共に歩み、共に生きた師匠を後世に伝えるということ
日蓮大聖人が池上宗仲・宗長の兄弟に送られた「兄弟抄」を拝しているのですが、師が慈愛を注ぎこむように励まし包容された兄弟・第六天の魔王の働きを教示された兄弟も、師の滅後は日朗の側、即ち「五人一同に云く、日蓮聖人の法門は天台宗なり」(富士一跡門徒存知の事)の側の人となりました。
「師の晩年、君たちはどう生きるか」
昔も今も、問われているのはこれだと思います。
以下は御影に関してです。
宗仲の屋敷跡に建てられたと伝わるのが大坊本行寺。宗仲はさらに広大な土地を日朗に付与し、伽藍が建立されて池上本門寺になったと伝わります。大聖人の七回忌となる正応元年(1288)、日持と日浄が願主となり師の御影が造立されており、現在の池上本門寺・大堂に安置されています。

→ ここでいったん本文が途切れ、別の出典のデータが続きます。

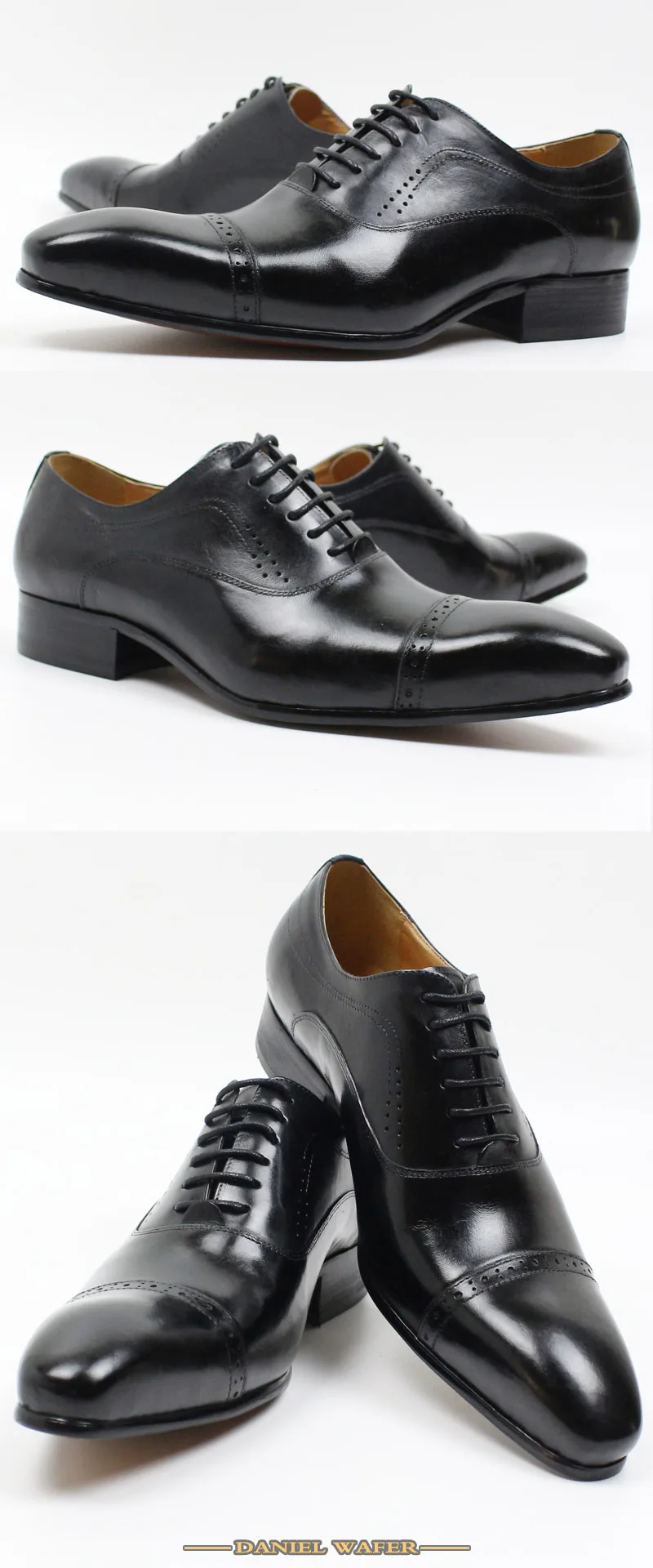Genuine Leather Oxford Dress Shoes Men Lace Up Cap Toe Office Wedding Shoes Black Brown Brogue Pointed Oxfords Formal Shoes Men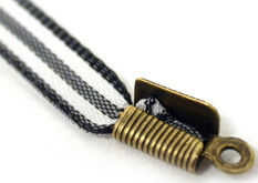 Corte a la longitud de la cinta y haga un pequeño nudo en cada extremo. Colocar una pequeña gota de pegamento dentro de uno de la tapa sobre los extremos y el nudo de cinta encima de la cola como se muestra. Usando sus alicates de cadena pliegan las aletas una a la vez para sellar el extremo de la cinta. Repita con el otro extremo anudado. Colocar un pequeño punto de pegamento dentro del bisel y coloque el botón en el bisel. Set bisel a un lado para secar.

御影と言えば、日蓮大聖人亡き後、ほどなくして身延山には御影堂がつくられています。
「尊師実録」 日蓮宗宗学全書2巻p411
弘安七年甲申・五月十二日、甲州身延山へ登山、同年十月十三日、大聖人第三回御仏事に相当たる日、始て日興上人に対面、御影堂出仕云々
「祖師伝」京都要法寺・日辰著 富士宗学要集5巻p39
日尊の伝
弘安七甲申年師目公に従つて甲州身延山に登り玉ふ時に五月十二日なり、同き年十月十三日始て日興上人に値ひ奉り御影堂に出仕し蓮祖第三回の追薦に値ひ奉り玉ふなり
弘安7年(1284)、日興上人は身延山で日尊と対面して、大衆とともに大聖人の三回忌を執り行いましたが、その場所は師匠の姿を刻んだ御影像を奉安した御影堂だったようです。
師匠入滅後のわずか2年で御影をつくるところに、「師の姿を正しく後世に伝えよう」との日興上人をはじめとした一門の「こころ」が感じられます。
一方、戒壇板本尊造立の時に、弟子の日法が板本尊を作成した木材の切れ端を使って御影を作り、大聖人が「我が姿に似ている」と誉められたとの記述が「富士大石寺明細誌」にあります。
聖人掌上に居え笑を含み能く我貌に似たりと印可し給ふ所の像なり
実際は、日興上人一門が師の絵像を作成するのに苦労したことが「富士一跡門徒存知の事」 に記録されており、師が掌にされた像があればそのような労もないわけですから、伝承ということになるでしょうか。
師の絵像作成にまつわる、日興上人一門の記録を確認してみましょう。
富士一跡門徒存知の事
一、聖人御影像の事。
或は五人と云い或は在家と云い絵像木像に図し奉る事在在所所に其の数を知らず而るに面面不同なり。
爰に日興が云く、御影を図する所詮は後代に知らしめん為なり是に付け非に付け有りの侭に図し奉る可きなり、之に依つて日興門徒の在家出家の輩聖人を見奉る仁等一同に評議して其の年月図し奉る所なり、全体異らずと雖も大概麁相に之を図す仍つて裏に書き付けを成すなり、但し彼の面面の図像一も相似ざる中に去る正和二年日順図絵の本有り、相似の分なけれども自余の像よりも少し面影有り、而る間後輩に彼此是非を弁ぜしめんが為裏書に不似と付け置く。
意訳
五老僧方や在家の方達が師の絵像・木像を作ってきましたが、それらは多方面に数知れないほどあります。しかし、それぞれ姿形が異なっています。
ここに日興がいうには、日蓮大聖人の御影を作るのは、後代にそのお姿を知らしめていくためです。ですから、ありのままの、大聖人のお姿を描くべきです。それにより、日興門徒の在家・出家の皆、聖人を拝見した者達が一同に評議を行い、その年月に描いたのです。
聖人と全体は異なりませんでしたが、大概は荒っぽいものを描きました。そこで裏書をなしました。それぞれの図・像が一つも似ていない中に、1313年・正和2年、三位日順が描いた絵の原本がありました。
大聖人に似ている分はありませんでしたが、他の像よりも少し大聖人の面影が有りました。そこで、日興は後輩の皆と似ているか否か、是非を論じ合いましたが、結局、裏書に「似ていない」と書いたのです。
微笑ましいような、諸師の努力に感心することしきりですが、師匠の姿一つを後世に残すだけでも、大変な労力を要することを伝えるエピソードだと思います。